Keratin intermediate filament proteins – novel regulators of inflammation and immunity in skin

Ryan P Hobbs 1, Juliane C Lessard 1, Pierre A Coulombe 1,2,3,*
PMCID: PMC3561851  PMID: 23377656

Inflammation is a complex biological response, protecting the host and promoting homeostasis following mechanical, chemical or microbial insults.

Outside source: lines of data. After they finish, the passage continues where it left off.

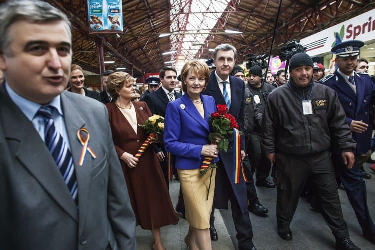 Minister of Transport Ramona Manescu (L), Princess Elena, Prince Nicolai, Princess Margaret of Romania, daughter of the King of Romania Michael and her husband Prince Radu of Romania (R) as seen in Gara de Nord on December 1, 2013, soon after their journey by Royal Train from Sinaia to Bucharest came to an end.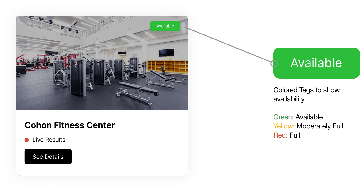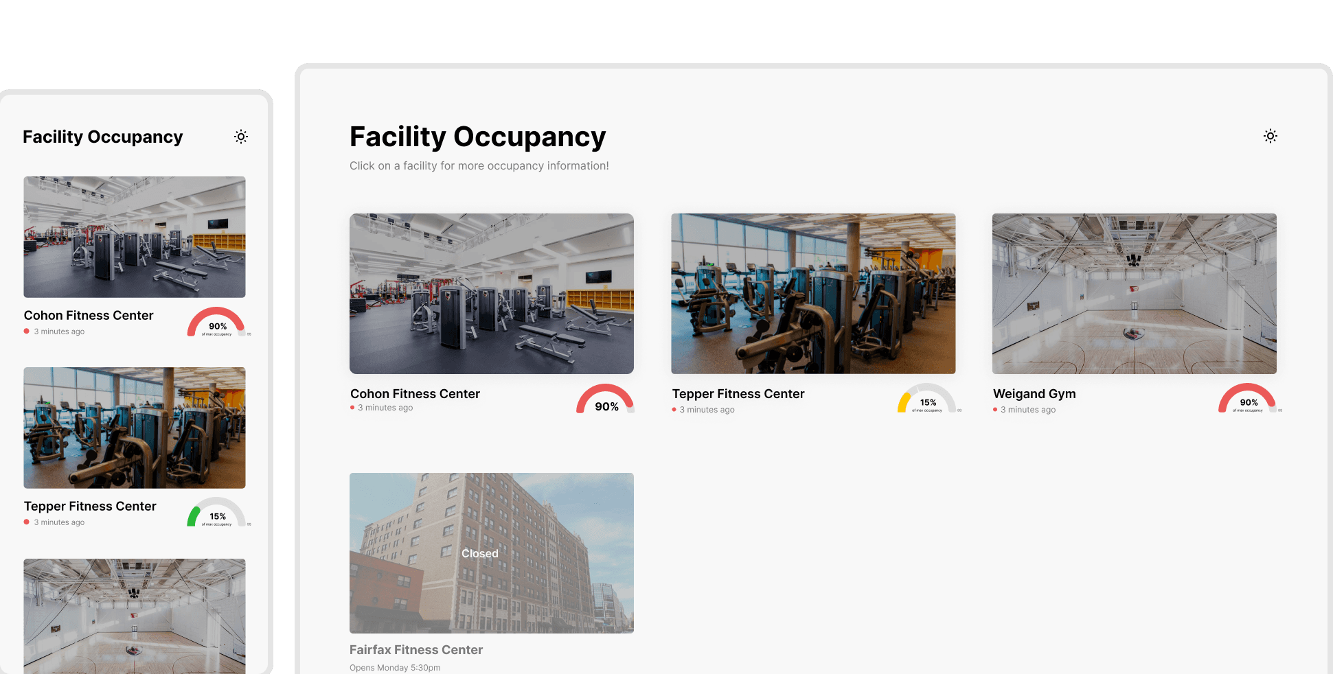 A color-coded meter that gives students an immediate snapshot of how busy each campus gym is. Students can quickly decide whether to go now or plan for a less crowded time without needing to interpret numbers or charts.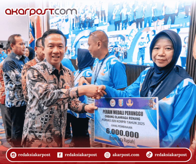 Bandarlampung – Pemerintah Provinsi Lampung menyerahkan tali asih, santunan, serta penghargaan kepada anggota KORPRI dan atlet ASN berprestasi dalam ajang Pekan Olahraga Nasional (PORNAS) XVII KORPRI 2025, di Balai Keratun, Kamis (02/01/2026).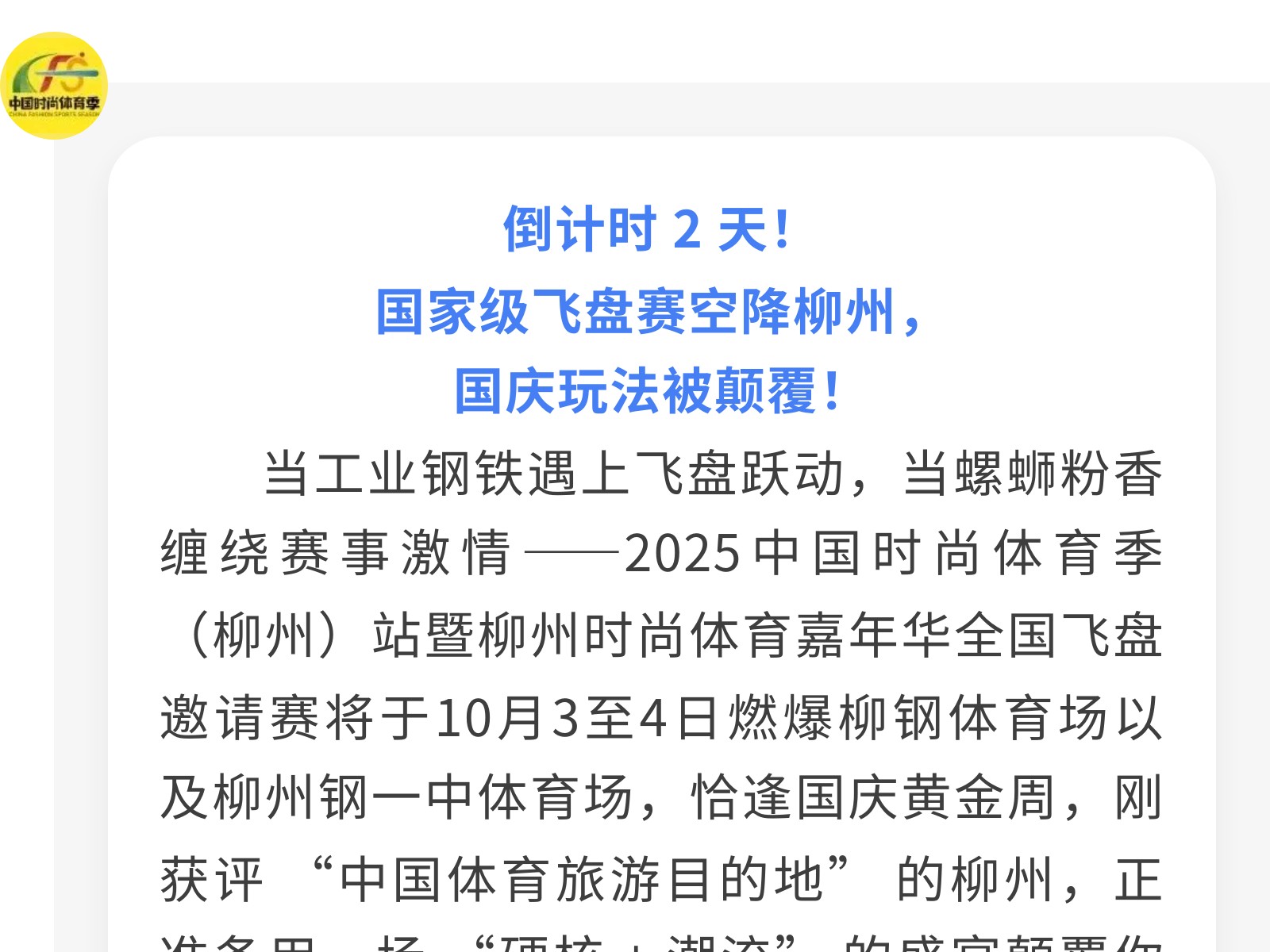國(guó)慶赴柳!鋼鐵賽場(chǎng)飛盤燃,柳州這座體育旅游之城藏不住了 發(fā)布時(shí)間:2025年10月02日 17時(shí)來源:本站原創(chuàng)瀏覽:49 人次

Epithelia are strategically located at the interface between the external and internal milieu where, collectively, their ability to establish a specialized and dynamic cytoarchitecture, to express an impressive array of relevant receptors and their associated signal transduction pathways, and to signal to resident and migrant cellular effectors of inflammation and immunity allows them to actively participate in the inception and subsequent regulation of inflammatory and immune responses (Segre, 2006; Swamy et al., 2010). The pace of progress in identifying new effectors and mechanisms in epithelial-based immunity has been fast and furious in recent years (Nestle et al., 2009; Swamy et al., 2010) in part as a result of a growing effort to understand the pathophysiology of relevant diseases and to foster the development of novel therapeutic strategies. In this issue, Roth et al. present evidence that adds to the emerging role for keratin cytoskeletal proteins in the regulation of epidermal immunity and skin barrier function (see this issue of J. Cell. Sci., Roth et al. 5269-5279).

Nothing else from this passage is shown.